Eric: It is hard indeed. The power of Email Studio formerly known as ExactTarget is in the ability to set up relational data model to do very powerful scripting for personalization and to be able to do all the kind of deliverability things that you need to do to get an email into someone’s inbox and I didn’t really appreciate that prior to ExactTarget but you know if you’re a small corner, a pilates studio and you want to send out an email newsletter to your people, it’s probably not the right product for you. It’s way too complex for a very small business that wants to do very simple things. Where the product shines is high-end, higher complexity, data-driven personalized email at scale and that is the sweet spot for the product nicely into our broader concept of CRM where you know through the magic of Email Studio we can embed lots of data within an email from a kind of a CRM system or other places. We can include personalized content. We can include product recommendations and we can do all kinds of interesting things. So there’s still work to do on that product to bring it closer into the core kind of Salesforce stack. There’s work to do to make that product easier to use. There’s work to do to make it smarter and more kind of AI-driven around, you know, send time optimization or you know, multi-channel journeys, etc. But it’s a very powerful product and has been very successful. It’s got a huge following and we’re just excited to keep that investment going.

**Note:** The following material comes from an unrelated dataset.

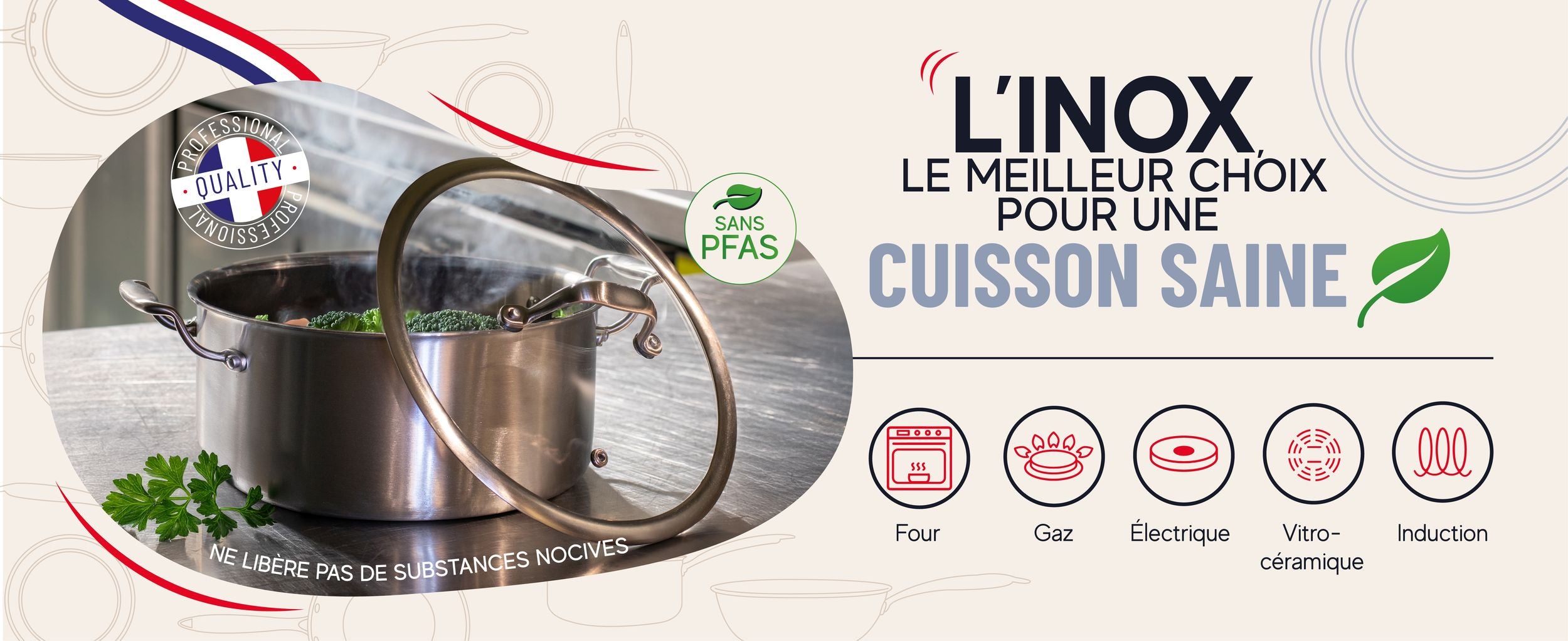 ROBUSTESSE ET CONFORT : L'acier inoxydable assure une durée de vie maximale. Les poignées rivetées en inox restent froides même lors des longues cuissons. Solides et ergonomiques, elles offrent une prise en main sécurisée pour un usage quotidien.

Anthony: And so are we since we build on top of it. Most viewers know we are DESelect. We offer a segmentation solution for Marketing Cloud and we are very happy to build on such a strong platform like Salesforce and be listed on AppExchange by the way. So here’s my next question being an independent software vendor or ISV as it’s known from the digital point of view. What role do you see the AppExchange and actually ISV partners in particular play in the years to come?

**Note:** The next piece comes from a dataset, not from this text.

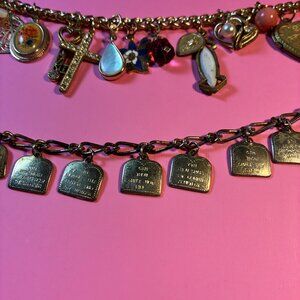 Religious Catholic Christian Charms Bracelets Lot 10 commandments Cross Heart Gold Plated
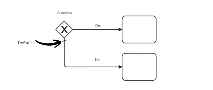 Du erkennst diesen Pfad an einem kleinen Schrägstrich (Slash), der quer durch den Anfang des Pfeils verläuft. Dieser Weg fungiert als "Auffangbecken". Er wird vom Gateway immer dann gewählt, wenn alle anderen spezifischen Bedingungen "Falsch" sind. Er steht sinngemäß für "Ansonsten". Es ist guter Stil, bei XOR-Splits diesen Notausgang zu definieren, um technische Fehler in der Prozessausführung sicher abzufangen.

Eric: So you know, the partner ecosystem and extensibility of Salesforce products have always been incredibly core to who we are as a company. We provide as a company a base platform, we provide a base of applications, and then we have literally thousands of partners who customize or extend on the platform and solutions. We will never be able to do it all and so we invest in facilitating that kind of partner ecosystem. We want to drive awareness and drive to help you be successful in your business and we want to help our customers find the solutions that help them be successful in what they’re trying to solve. It’s always been near and dear to us. All of our partners on the AppExchange, which is like the equivalent to the AppStore and that team is very very busy working on a big vision for how to continue to make an AppExchange better for both partners and the people buying products from it. And so yeah Salesforce is also tripling down on our industry strategy and, you know, every permutation of every industry solution across Sales Service, Marketing, Commerce, etc. It is just something we will never attempt to do ourselves and our partners like you guys are critical for us to be able to help our customers succeed and what they’re trying to do. 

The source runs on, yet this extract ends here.